Integrating Adaptive Mesh Refinement (AMR) into climate models is problematic partly because several components have difficulty in accommodating adaptive grids. However, on coarse resolutions, errors from each component of climate models contribute to the overall errors of the model output. Using AMR in single components should reduce the overall model error. Besides, we can use AMR in existing climate models with reduced development time compared to designing a new AMR model.
We integrate AMR into the tracer transport module of the atmospheric model ECHAM6 and test our implementation in idealized scenarios as well as on a realistic application (dust transport). To achieve this goal, we modify the Flux-Form Semi-Lagrangian (FFSL) transport scheme in ECHAM6 such that we can use it on adaptive meshes while retaining all important properties such as mass conservation of the original implementation.

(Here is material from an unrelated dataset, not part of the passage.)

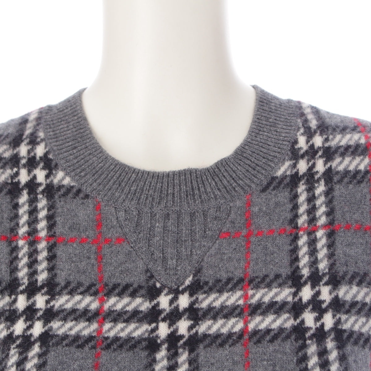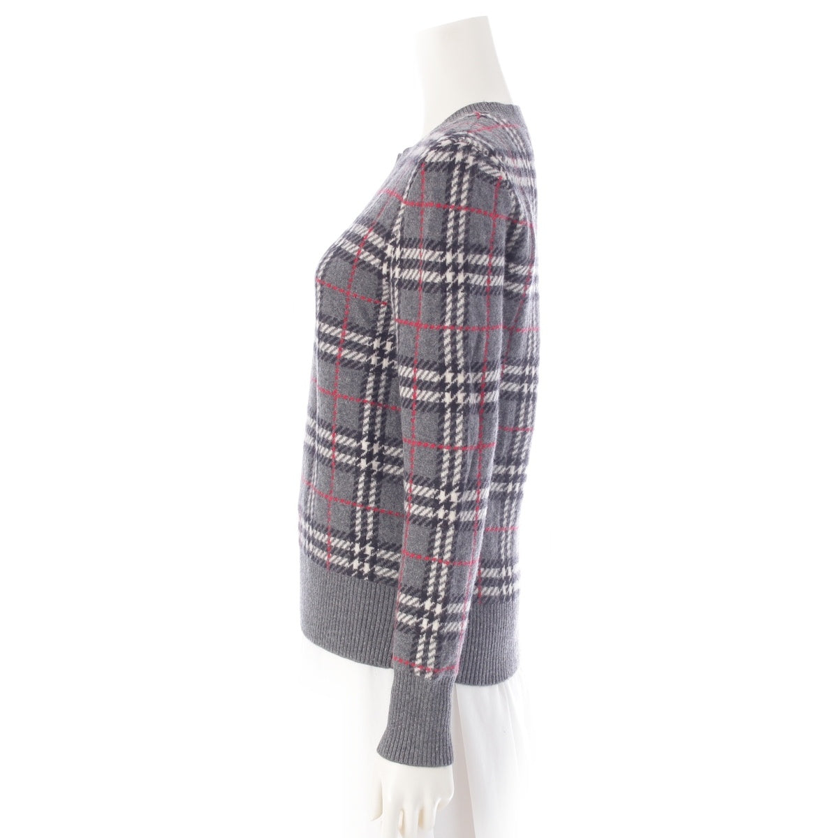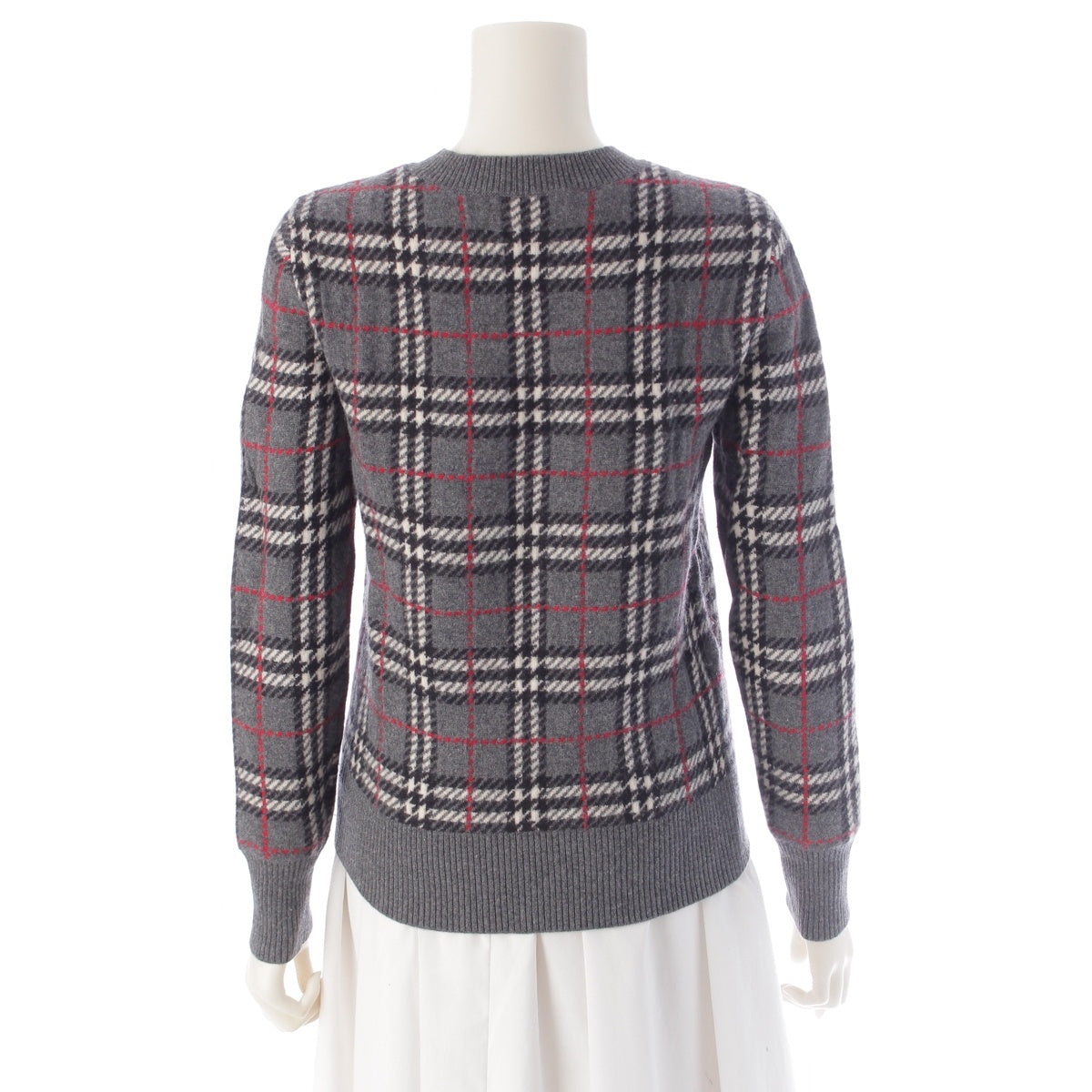 BURBERRY cashmere Check Pattern Knit sweater tops 8007927 gray XXS

Our proposed scheme is dimensionally split and ensures that high-resolution information is always propagated on (locally) highly resolved meshes. We introduce a data structure that can accommodate an adaptive grid.
We demonstrate that our AMR scheme improves both accuracy and efficiency compared to the original scheme. More importantly, our approach improves the representation of transport processes in ECHAM6 for coarse resolution simulations. Hence, the results of this paper suggest that we can overcome the overhead of developing a fully adaptive earth system model by integrating AMR into single components while leaving data structures of the dynamical core untouched. This enables researches to retain well-tested legacy code of existing models while still improving accuracy.